◆ **THE PROBLEM**: Set down exactly the lines below, starting at the one that contains "İstehlakçı hüquqlarının müdafiəsi" and ending at the one that contains "Los grandes tornillos", with both of those lines included and nothing else.

BEGIN AVAILABLE DATA

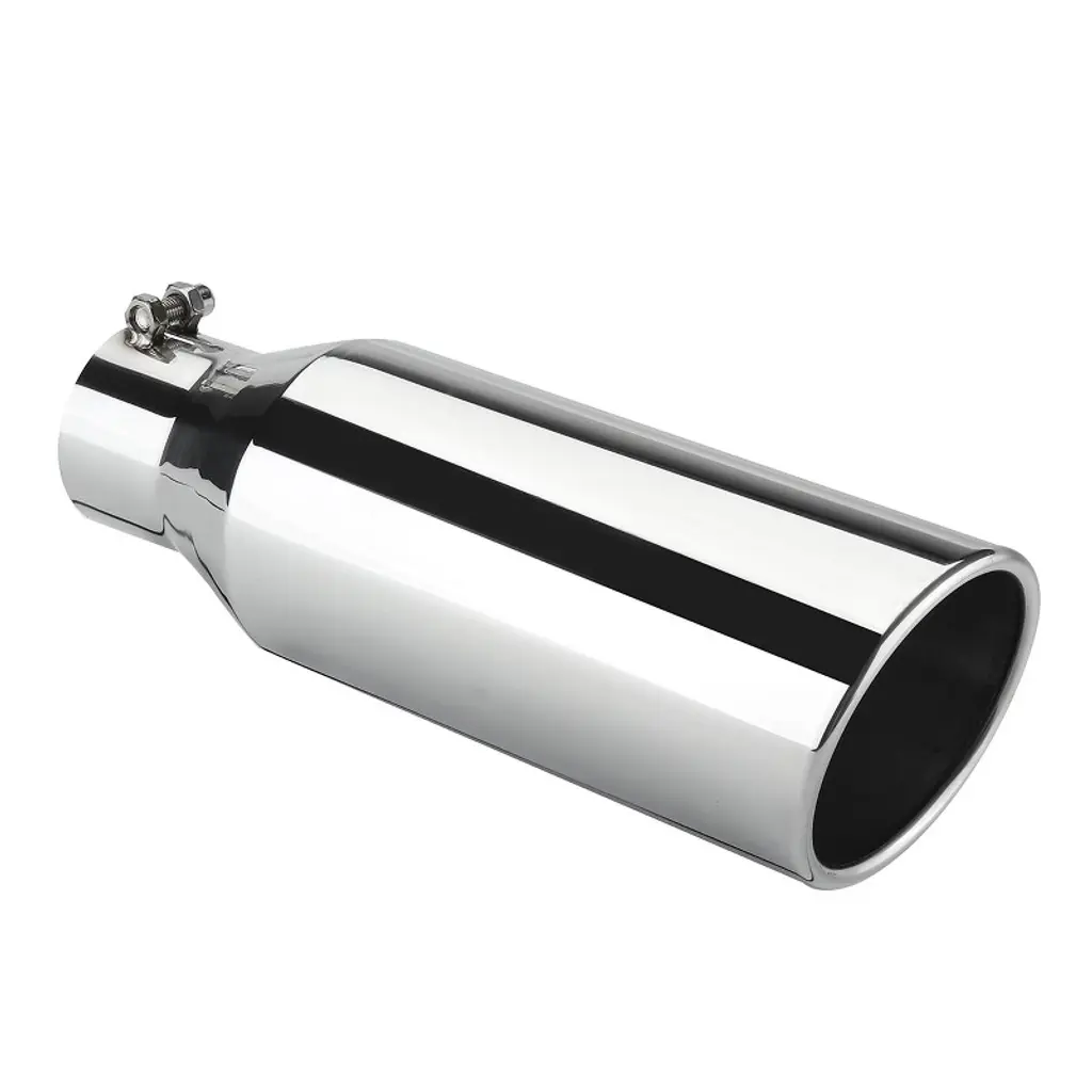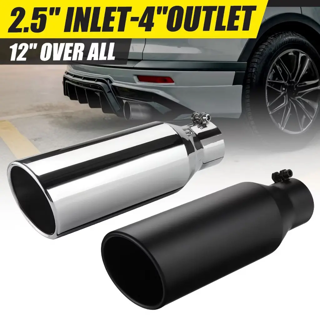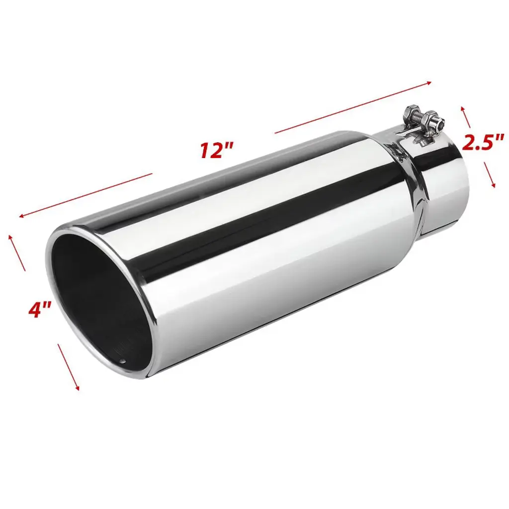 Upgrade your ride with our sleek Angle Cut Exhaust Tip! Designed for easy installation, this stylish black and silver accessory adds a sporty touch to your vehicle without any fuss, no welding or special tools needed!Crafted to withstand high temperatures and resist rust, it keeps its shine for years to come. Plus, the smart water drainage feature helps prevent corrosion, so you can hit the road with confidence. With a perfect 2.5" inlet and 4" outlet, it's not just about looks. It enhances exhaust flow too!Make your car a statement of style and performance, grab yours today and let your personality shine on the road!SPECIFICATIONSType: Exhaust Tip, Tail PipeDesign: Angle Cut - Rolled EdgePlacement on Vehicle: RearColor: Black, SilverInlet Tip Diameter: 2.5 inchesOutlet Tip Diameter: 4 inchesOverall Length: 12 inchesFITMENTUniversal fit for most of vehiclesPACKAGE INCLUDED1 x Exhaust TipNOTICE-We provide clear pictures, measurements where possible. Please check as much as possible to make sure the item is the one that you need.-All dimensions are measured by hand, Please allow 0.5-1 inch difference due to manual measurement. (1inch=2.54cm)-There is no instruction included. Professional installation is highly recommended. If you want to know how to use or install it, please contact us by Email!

END AVAILABLE DATA
BEGIN AVAILABLE DATA

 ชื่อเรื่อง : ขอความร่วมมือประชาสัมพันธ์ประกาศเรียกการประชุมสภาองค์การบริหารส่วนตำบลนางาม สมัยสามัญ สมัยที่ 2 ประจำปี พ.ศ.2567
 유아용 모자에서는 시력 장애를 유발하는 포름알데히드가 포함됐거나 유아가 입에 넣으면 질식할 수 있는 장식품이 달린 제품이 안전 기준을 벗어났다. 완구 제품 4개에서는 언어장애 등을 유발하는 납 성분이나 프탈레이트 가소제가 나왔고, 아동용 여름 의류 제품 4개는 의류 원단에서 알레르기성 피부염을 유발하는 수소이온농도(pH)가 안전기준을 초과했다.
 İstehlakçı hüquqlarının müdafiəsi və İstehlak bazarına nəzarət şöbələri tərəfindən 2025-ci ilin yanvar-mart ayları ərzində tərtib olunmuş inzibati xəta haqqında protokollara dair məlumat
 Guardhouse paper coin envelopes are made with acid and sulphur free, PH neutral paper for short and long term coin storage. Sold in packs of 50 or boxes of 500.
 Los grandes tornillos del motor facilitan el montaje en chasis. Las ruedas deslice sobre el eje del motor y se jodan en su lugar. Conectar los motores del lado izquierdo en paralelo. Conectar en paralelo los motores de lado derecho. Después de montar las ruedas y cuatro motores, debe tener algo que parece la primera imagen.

END AVAILABLE DATA

◆ **YOUR SOLUTION**:
 İstehlakçı hüquqlarının müdafiəsi və İstehlak bazarına nəzarət şöbələri tərəfindən 2025-ci ilin yanvar-mart ayları ərzində tərtib olunmuş inzibati xəta haqqında protokollara dair məlumat
 Guardhouse paper coin envelopes are made with acid and sulphur free, PH neutral paper for short and long term coin storage. Sold in packs of 50 or boxes of 500.
 Los grandes tornillos del motor facilitan el montaje en chasis. Las ruedas deslice sobre el eje del motor y se jodan en su lugar. Conectar los motores del lado izquierdo en paralelo. Conectar en paralelo los motores de lado derecho. Después de montar las ruedas y cuatro motores, debe tener algo que parece la primera imagen.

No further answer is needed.